Microsoft is promoting a surprising idea: businesses should purchase fewer PCs. This comes from a company that has long been associated with the PC, striving alongside Intel to have one in every home and office around the world. Microsoft's latest product, "Windows Frontline," allows for a single license to be used for up to three Cloud PCs, making it ideal for organizations that employ shift workers such as customer support or healthcare. The idea is that shift workers can log in for their eight-hour shift, and then the next worker can do the same. This is seen as a fairer way to charge, rather than assuming that cloud PCs are used around the clock.
Microsoft's launch material for Windows Frontline includes research conducted by tech sustainability consultancy Px3. The research looks into whether modern work applications and endpoints can reduce end user computing greenhouse gas emissions and drive climate action. The conclusion is that, yes, they can, particularly when considering cloudy PCs to be "modern endpoints." The research contrasts the energy consumption of desktop computers, laptops, tablets, and thin clients with the impact of running a Cloud PC. It also regards bringing your own PC plans where businesses fund the acquisition of PCs that their staff utilize for personal and employment goals, meaning fewer devices need to be made, and less resources are used because users manage just one machine rather than two.
Px3's recommendation is that end users have a single device to access a Windows365 Cloud PC when they're on the clock. This means corporate PC replacement cycles could continue for 8 years. The research shows that the combination of Windows365 and a bring your own PC plan has a really lower environmental effect, making it a good idea. The research concludes "modern work applications and endpoint computers not only abate GHG emissions, they are perhaps critical to securing a sustainable future."

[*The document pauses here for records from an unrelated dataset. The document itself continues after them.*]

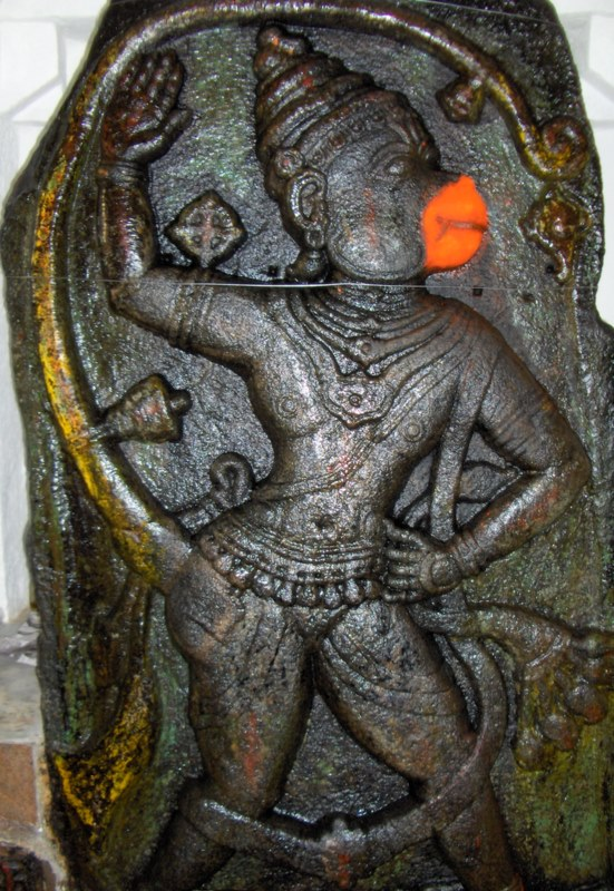 This is the picture of the Aanjaneya idol taken in the Aanjaneya swamy sannidhi in bajgur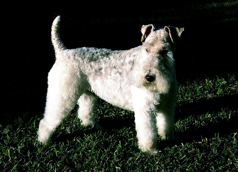 Wire haired fox terrier (Beamer)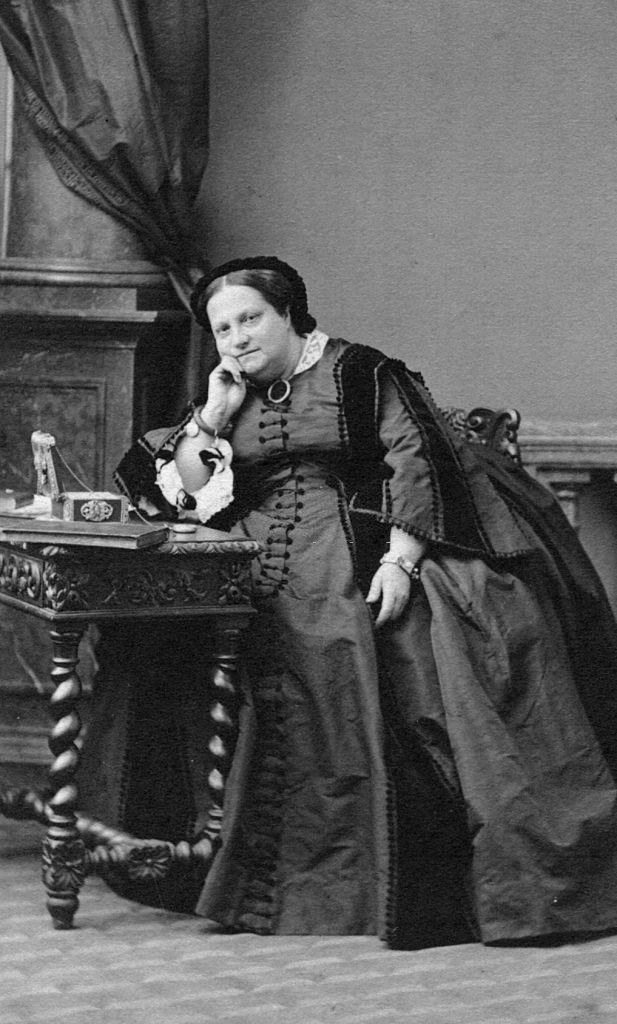 Maria Christina of the Two Sicilies (1806-1878), Queen of Spain, widow of Ferdinand VII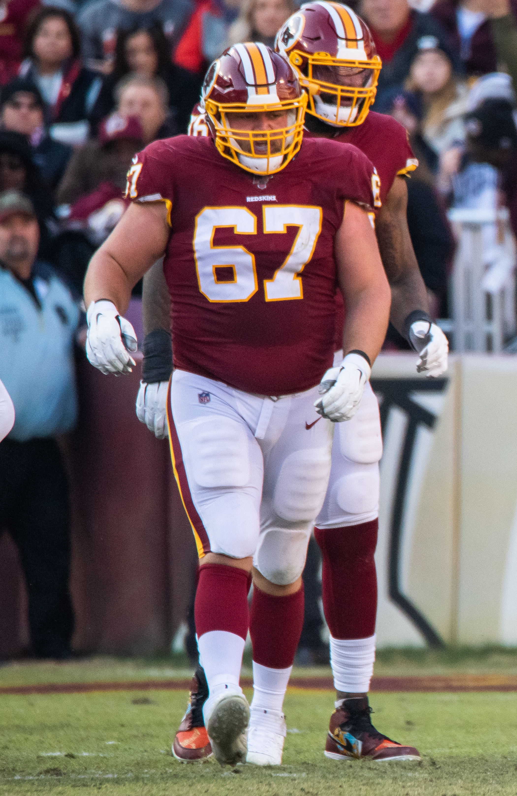 Wes Martin of the Redskins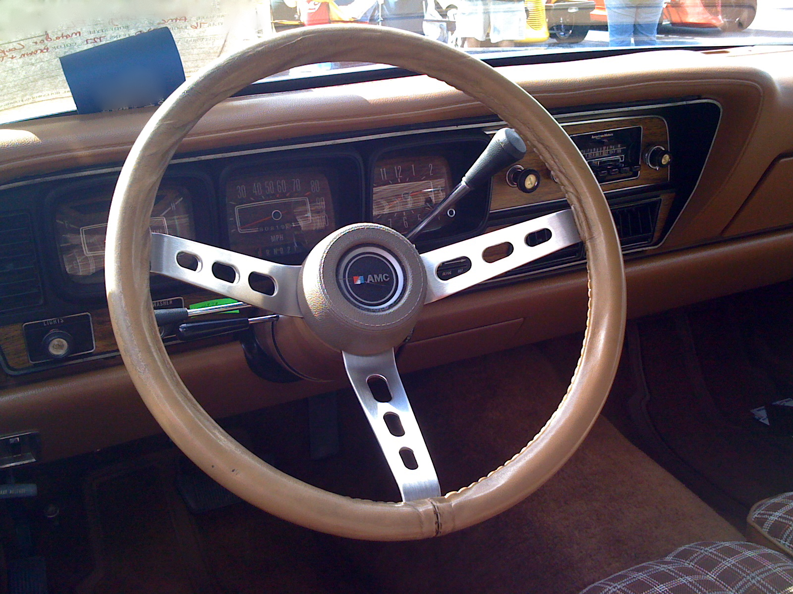 1976 AMC Matador Coupe - Brougham edition finished in Dark Cocoa Metallic (paint code: H4) with optional vinyl roof cover. AMC leather wrapped steering wheel (adjustable tilt column) and the dashboard.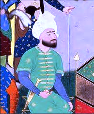 Painting of Munzir in The Shahnama of Shah Tahmasp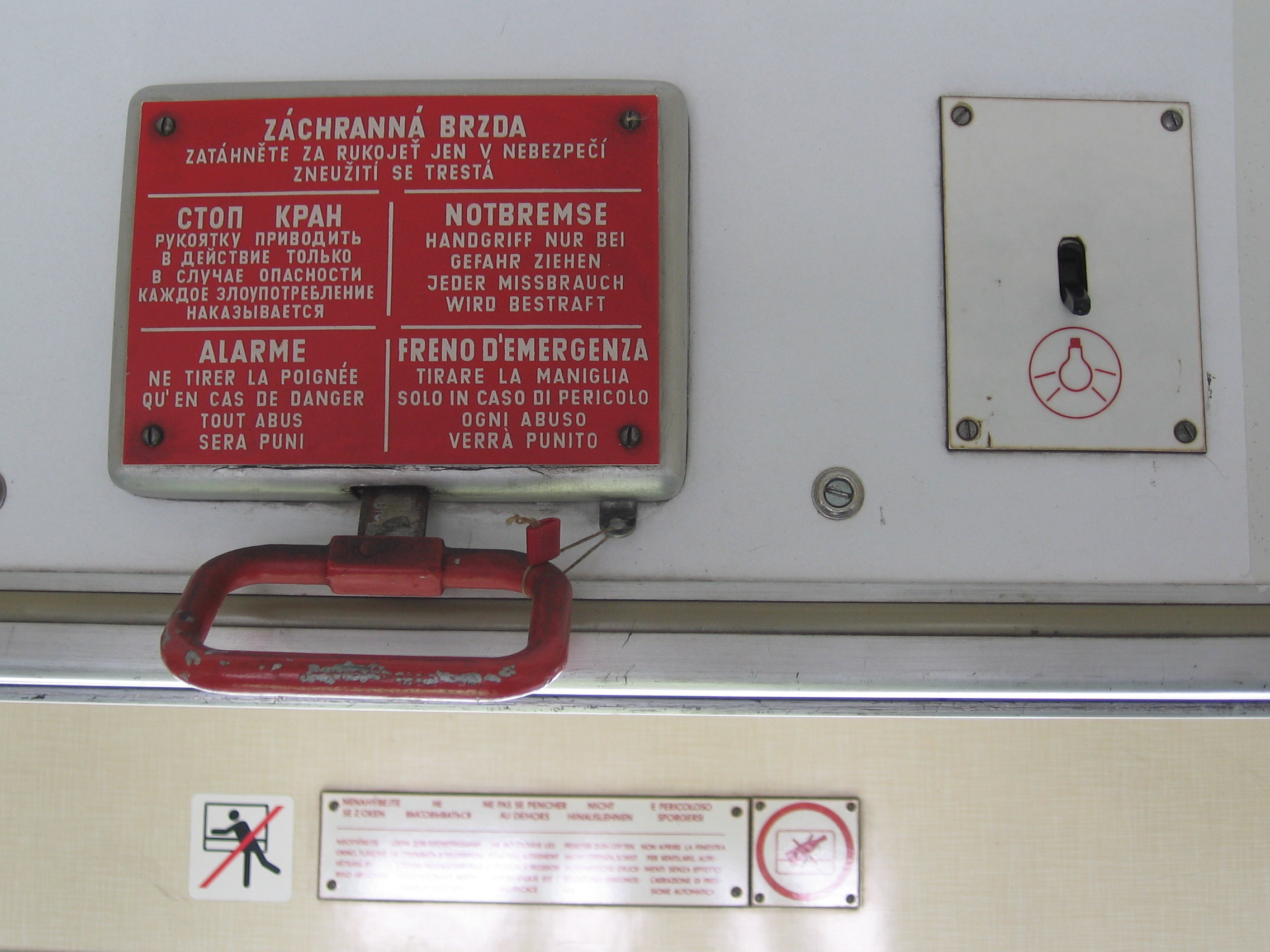 Emergency brake handle and lighting switch in the compartment of ČD AB 50 54 39-40 248-6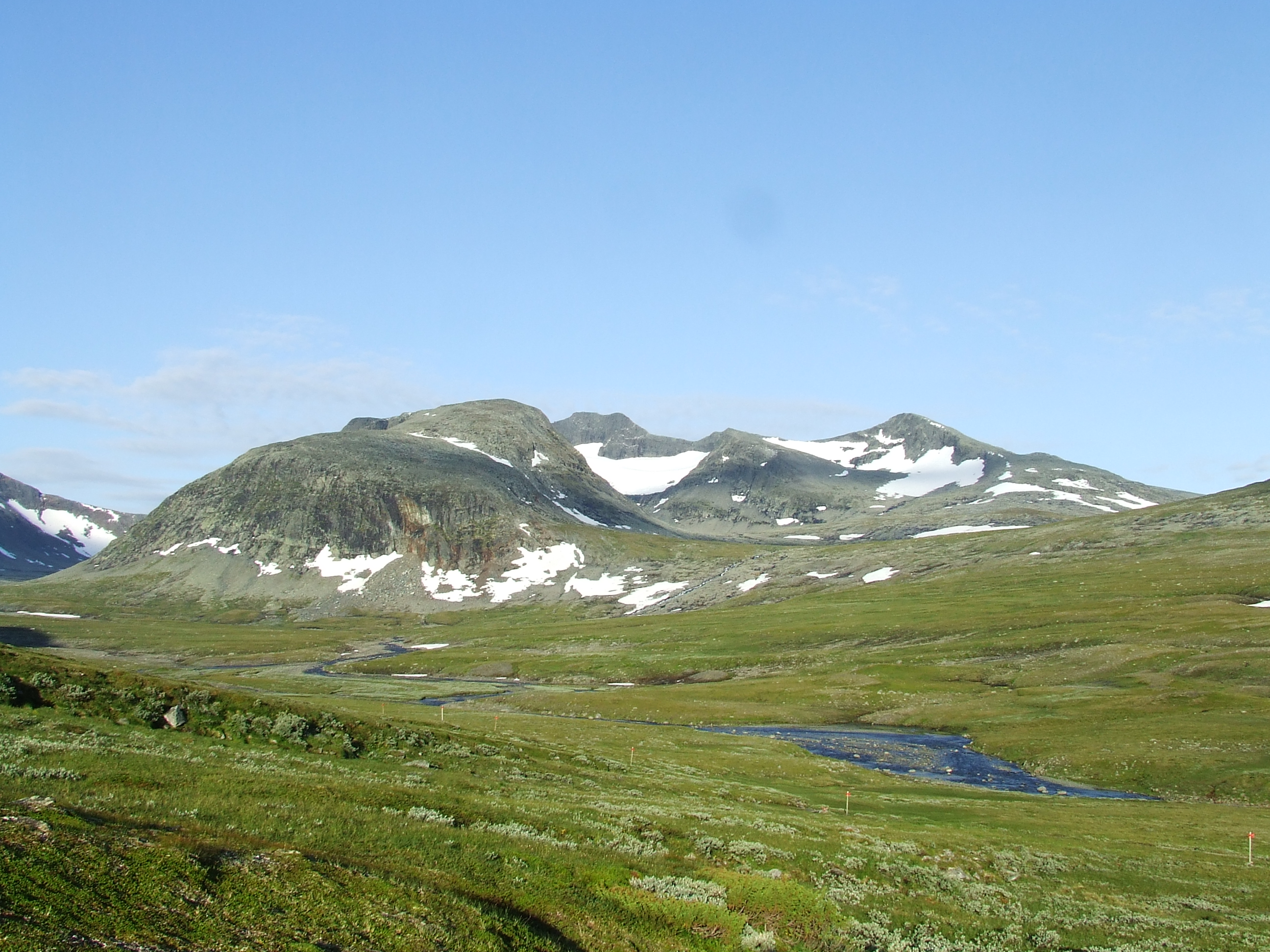 Sylarna - Juli 2006. Seen from the east, in the area of Sylstationen. Storsylen is the highest point in the picture, farthest away. Lillsylen to the right, Storsola is outside the left image border.

However, Microsoft's push towards sustainability can harm some of its oldest partners, such as Intel, AMD, Dell, HP, and Lenovo, who all rely on strong PC sales. Every year, they popularize the same argument that new CPUs and the PCs they power make workers much more effective. Microsoft can argue against this because cloud PCs promise to deliver appropriate performance in spite of the underlying hardware.
Cloud PCs also mean that Microsoft gets paid for Windows monthly, rather than receiving a one-off payment for licensing the OS. Over the eight-year existence period of a PC that accesses Cloud PCs, Microsoft earns $9,848, still gaining money in years six, seven, and eight, while PC makers don't receive payment. While other cloud-desktop-as-a-service providers already suggest hourly billing, and many workers don't utilize their physical PCs all day, Microsoft has not cut them a deal.
In conclusion, although Microsoft is concerned about sustainability, its push towards cloud PCs may not extend to the bottom lines of its companions or clients. This approach could slow the consumption of PCs, but it could also harm the businesses that rely on PC sales.